Just so we're clear. If you split two in half, you have two sets with one each. And if you add them back together, you have two. There's no magic math here.

Yet Elan (NYSE: ELN) traded up 4.5% yesterday after announcing that it plans to spin off its drug discovery business into a separate company. Investors seem to be claiming the sum of the parts really is worth more than the whole.

Don't get me wrong, I see how the move is a good idea. The two units are in different places in their biotech lives.

Elan sells multiple sclerosis treatment Tysabri with Biogen Idec (Nasdaq: BIIB) and has a few other late-stage assets. Those drugs are either bringing in revenue right now or hopefully will within the next few years.

The drug discovery business, Neotope Biosciences, is more of a long-term play. The group hopes to have three drugs in the clinic by 2015, which puts the drugs years away from an FDA approval. When spinning out the unit, Elan plans on seeding Neotope with capital for 2.5 years, which should get the latter to a value inflection point where it can raise more capital on its own.

Splitting up the company will allow investors to own either of the companies or continue to own both. Choice is always good. But from a value point of view, there's no change in the value because shareholders will get shares of Neotope as a special dividend, making Elan's value go down.

By shedding Neotope's research expenses, Elan expects to be profitable immediately. That'll allow it to take advantage of carried-forward operating losses to lower its tax bill. But they'll eventually run out, so the operating losses have little impact on Elan's long-term value.

The real hope for the "sum of the parts" argument is that one or both of the units is more attractive individually and might be taken out for a premium.
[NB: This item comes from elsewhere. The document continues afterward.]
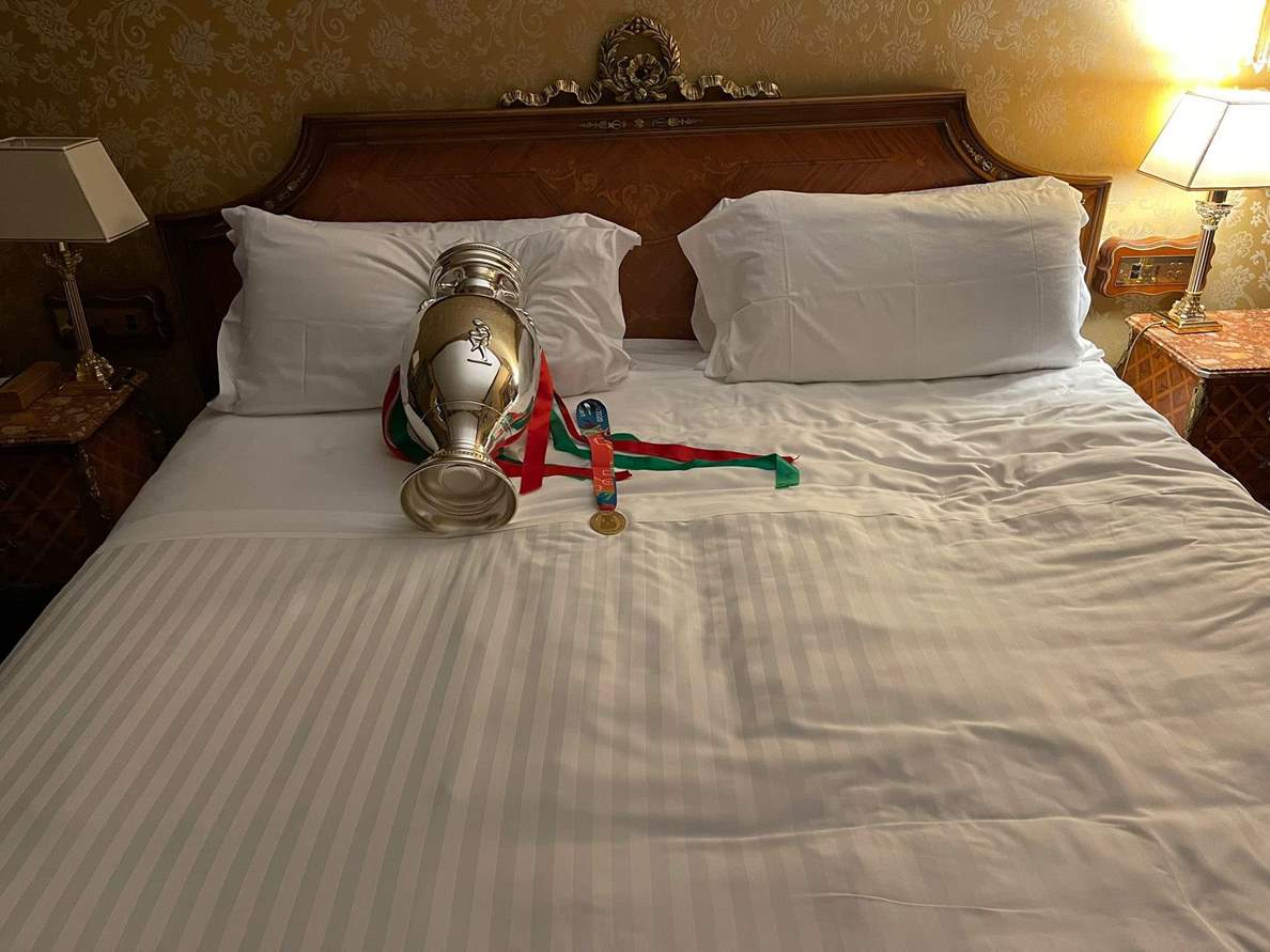 ونشر قائد المنتخب الإيطالي، جورجيو كيليني، على مواقع التواصل الاجتماعي، صورة للكأس موضوعة على السرير في غرفته بالفندق.

PDL Biopharma (Nasdaq: PDLI) spun off its drug discovery business, Facet Biotech, which Abbott Labs (NYSE: ABT) eventually purchased.

It doesn't always work out that well, though. Myriad Genetics (Nasdaq: MYGN) spun off its drug discovery business, Myrexis, which has lost 40% of its value since its inception in 2009.

Choice is good, but buying for a spinout and a purchase isn't exactly the best investment thesis.